It is said, that there is a diversity of interests in the different parts of the State, which must be harmonized by compromise. It is hardly possible to conceive a community in which there is not a diversity of interests.

Sir, diversity of interests is always to be protected by wise legislation; and there is no fear that every interest will not be fully and fairly represented in our Legislative body. If there be warring, and conflicting interests, the question would then be, could any Constitutional stipulations or provisions reconcile such interests? But it remains to be proved, that there are warring and conflicting interests within this Commonwealth. I do not admit the fact.

The gentleman from Northampton has asked us, whether we will consent to take all the political power, and bear all the pecuniary burdens? To this inquiry I indignantly answer no. The gentleman would reject such a proposal himself. We will neither buy nor sell political power; we regard it as the unalienable property of the people, which they have not a right to barter away or divest themselves of, either for theinselves, or their posterity.

The gentleman from Orange, has reprobated the idea of giving political power to property alone. I concur with him in his reprobation. But has the gentleman reflected, how far the amendment he advocates, in effect, leads to the same result? He must admit, that the minority of the people ought not to, and cannot, govern the majority; but he contends, that property connected with that minority, ought to govern. What, then, is it that constitutes this right to govern, upon his hypothesis? It is certainly property.

Mr. Chairman, I have done. I have presented my plain views, in my plain way. I am thankful to the Committee for their polite attention, whether it proceeded from courtesy to myself, or from respect to any thing that I have said.

Mr. MORRIS of Hanover, then rose, and addressed the Committee substantially as follows:

After the able discussion this question has undergone, I cannot flatter myselfwith the hope of throwing upon it much additional light. But, as my constituents feel themselves very deeply interested in its decision, I hope to be indulged, while I assign the reasons which will govern my vote upon it. I promise, in so doing, not to detain the Committee long.

Mr. Chairman, it seems to me, that the question, which the gentleman from Frederick (Mr. Powell) has just been discussing, is not the question now before us for consideration. The question we have to decide, is, whether representation in the Legislative branch of our Government, shall be based upon numbers only, or on a combined ratio of population and taxation: from some of the remarks which have fallen from the gentleman from Frederick, he seems to have considered the question to be whether it should be based on all who enjoy the elective franchise, or on all the fighting men in the community. These are not the matters which we are now considering. When they shall be presented to us, if they ever shall be presented, the proper time will arrive to attempt an answer to what he has advanced.
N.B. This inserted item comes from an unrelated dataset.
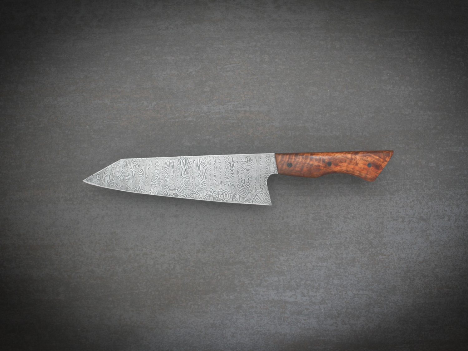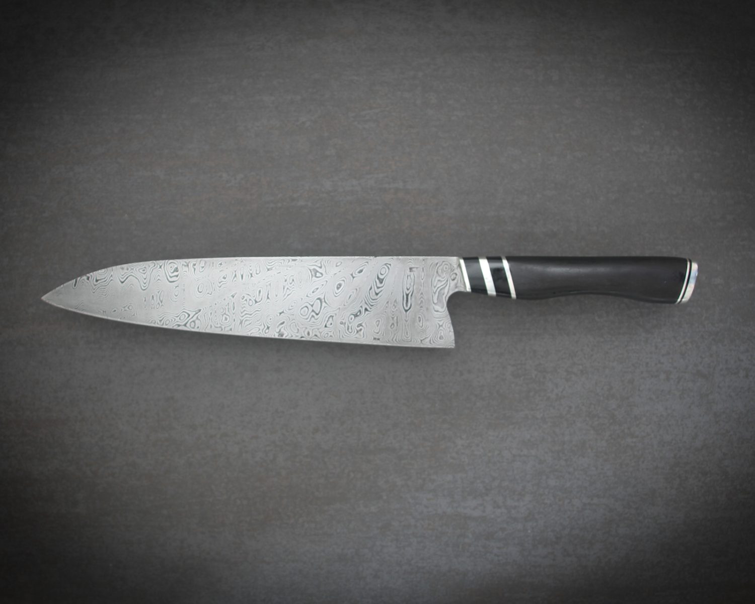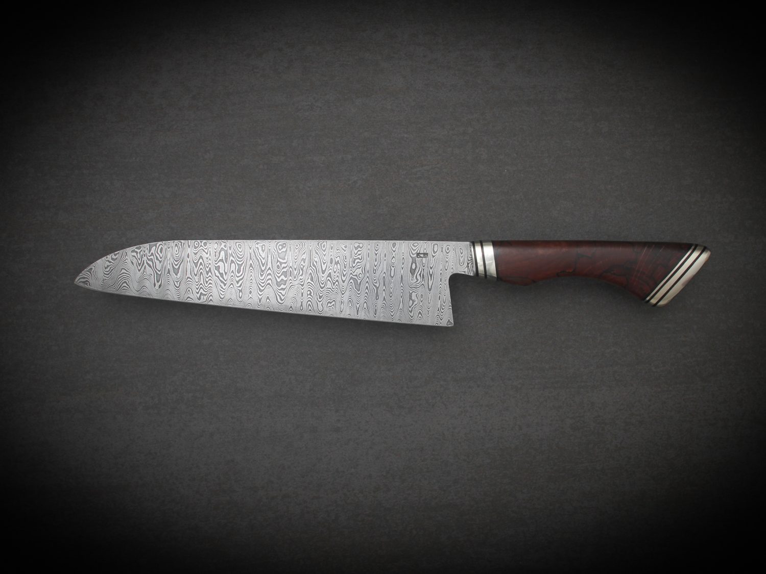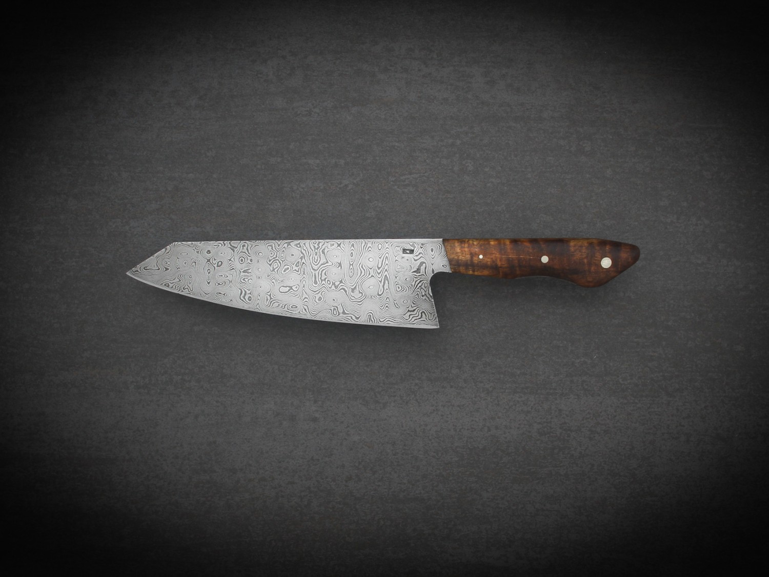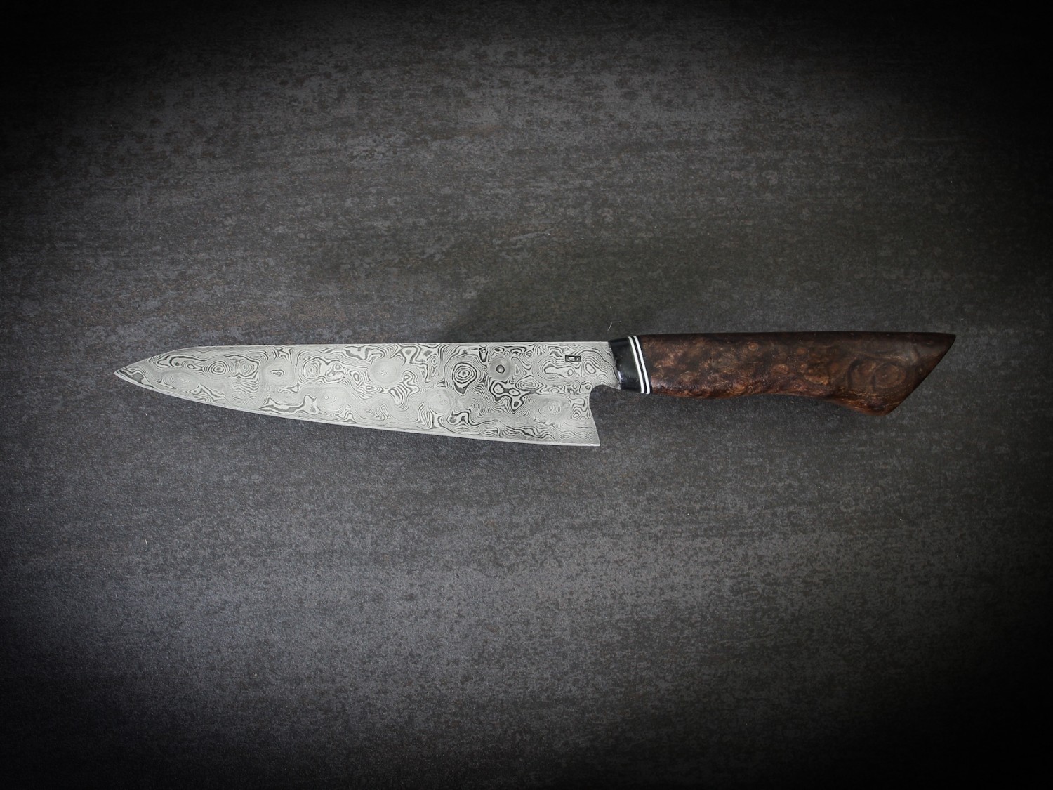 Zum Beispiel: Küchenmesser mit Griffschalen. Standarddamast ca. 150 Lagen. Klingenlänge ca. 20cm. Ab 950.-€

The question now before us is a very short one. Shall representation be based on numbers only? Or upon population and taxation combined? The question is short, but in its decision is involv ed much of the happiness or misery of this our ancient Commonwealth. Before I examine it more minutely, let me be allowed to make a remark or two, in reply to some of the observations of gentlemen on the other side of this question.

As the end of all good Government is the protection of property as well as of persons, it is not enough for those gentlemen to prove that their personal rights will be endangered unless representation shall be based upon numbers alone. If they had proved this, which I humbly conceive they have not, still, if we are not assured that our rights of property will be secure under such an arrangement, their observations fall short of the mark; they do not cover the whole ground. Even, if it be true, that they will not be protected in their personal rights, without the introduction of the new clause in the Constitution, yet, if that clause, in its practical effect, goes to lay prostrate our property at their feet, they have not proved to us that the article ought to be inserted.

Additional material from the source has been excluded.